Dr. Paul Cummins, President and CEO of Coalition for Engaged Education (CEE), received his bachelor of arts from Stanford University, his MAT from Harvard, and his doctorate from the University of Southern California.  In 1971, he co-founded Crossroads School in Santa Monica and built it into one of Los Angeles’s most successful educational institutions and a national model for innovative, independent schools. 

In 1995, Cummins stepped down as Headmaster of Crossroads and formed New Visions Foundation (now Coalition for Engaged Education) to offer opportunities for Engaged Education to all youth. The first venture was New Roads School, a diverse, K-12 independent school in Santa Monica that has a deep commitment to social justice. New Roads devotes 40% of its tuition budget to need-based student financial aid, guaranteeing access to students from a wide socioeconomic array. Cummins has since implemented a number of innovative programs to help children at risk.

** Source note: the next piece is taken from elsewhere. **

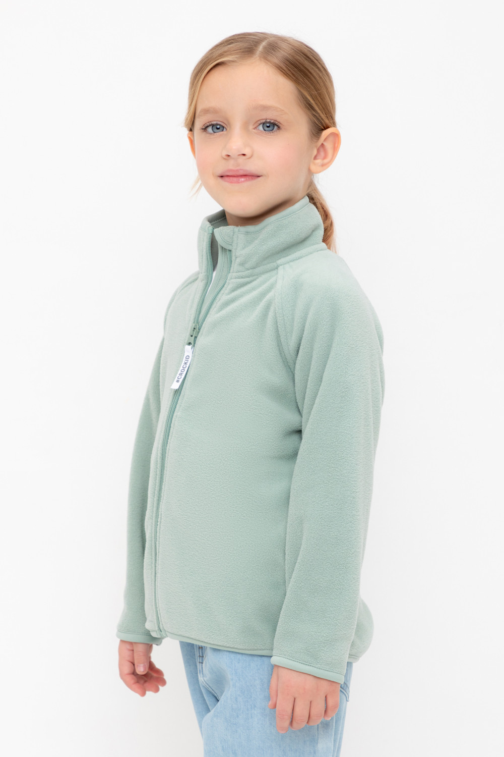 Флисовая куртка для девочки. У изделия удлинённая спинка, высокий воротник, предусмотрена защита шеи и подбородка. Рукава-реглан и низ изделия обработаны эластичным кантом для лучшего прилегания к телу, по бокам два кармана. Куртка сохраняет цвет и форму после многократных стирок.

Cummins has published four books on education, including Proceed With Passion: Engaging Students in Meaningful Education (2004), and Two Americas, Two Educations: Funding Quality Schools for all Students (2007), both published by Red Hen Press. His most recent book of essays, Why Poetry? Reflections on Poetry, Writing and Culture, was published in 2009 by Xlibris, in addition to two volumes of his poetry and two children's books published in recent years. He is currently finishing Confessions of a Headmaster: My Pursuit of Joy and Justice in Education (forthcoming from Red Hen Press).

Cummins and his wife Mary Ann reside in Santa Monica. They have four daughters and five grandchildren.